• [Data for this exercise]:
+-------+

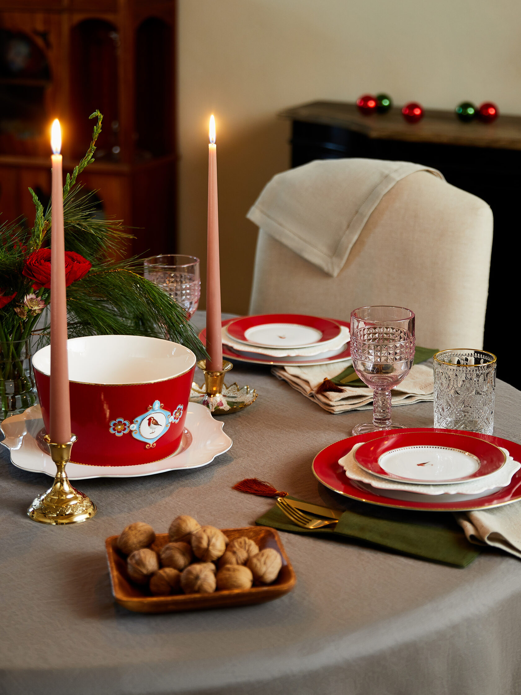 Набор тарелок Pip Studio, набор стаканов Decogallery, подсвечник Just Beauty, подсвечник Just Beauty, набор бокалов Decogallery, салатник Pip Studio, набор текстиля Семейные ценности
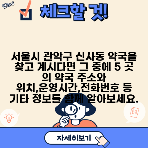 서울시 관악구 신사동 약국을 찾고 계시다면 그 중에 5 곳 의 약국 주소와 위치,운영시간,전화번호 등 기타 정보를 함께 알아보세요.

+-------+

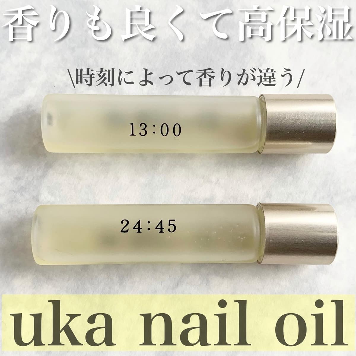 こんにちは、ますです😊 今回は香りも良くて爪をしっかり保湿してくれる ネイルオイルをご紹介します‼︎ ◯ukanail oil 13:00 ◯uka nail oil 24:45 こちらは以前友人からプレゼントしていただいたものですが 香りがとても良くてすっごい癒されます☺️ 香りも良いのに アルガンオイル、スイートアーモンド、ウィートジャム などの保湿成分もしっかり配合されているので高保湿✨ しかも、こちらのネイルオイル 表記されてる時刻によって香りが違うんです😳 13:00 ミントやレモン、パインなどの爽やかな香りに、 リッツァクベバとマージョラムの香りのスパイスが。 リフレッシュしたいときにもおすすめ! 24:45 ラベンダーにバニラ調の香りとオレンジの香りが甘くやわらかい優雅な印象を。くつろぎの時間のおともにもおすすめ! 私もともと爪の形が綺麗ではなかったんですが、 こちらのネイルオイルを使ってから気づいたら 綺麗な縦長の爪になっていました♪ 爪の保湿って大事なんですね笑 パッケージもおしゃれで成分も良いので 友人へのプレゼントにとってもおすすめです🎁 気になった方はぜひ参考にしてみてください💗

+-------+

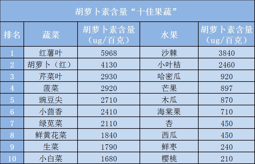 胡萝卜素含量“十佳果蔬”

+-------+

• [Your task]:
Write out, word for word, the stretch of entries that begins at the line with "Набор тарелок Pip" and ends at the line with "서울시 관악구 신사동". Pictures do not belong in it.

• [Result of the task]:
 Набор тарелок Pip Studio, набор стаканов Decogallery, подсвечник Just Beauty, подсвечник Just Beauty, набор бокалов Decogallery, салатник Pip Studio, набор текстиля Семейные ценности
 서울시 관악구 신사동 약국을 찾고 계시다면 그 중에 5 곳 의 약국 주소와 위치,운영시간,전화번호 등 기타 정보를 함께 알아보세요.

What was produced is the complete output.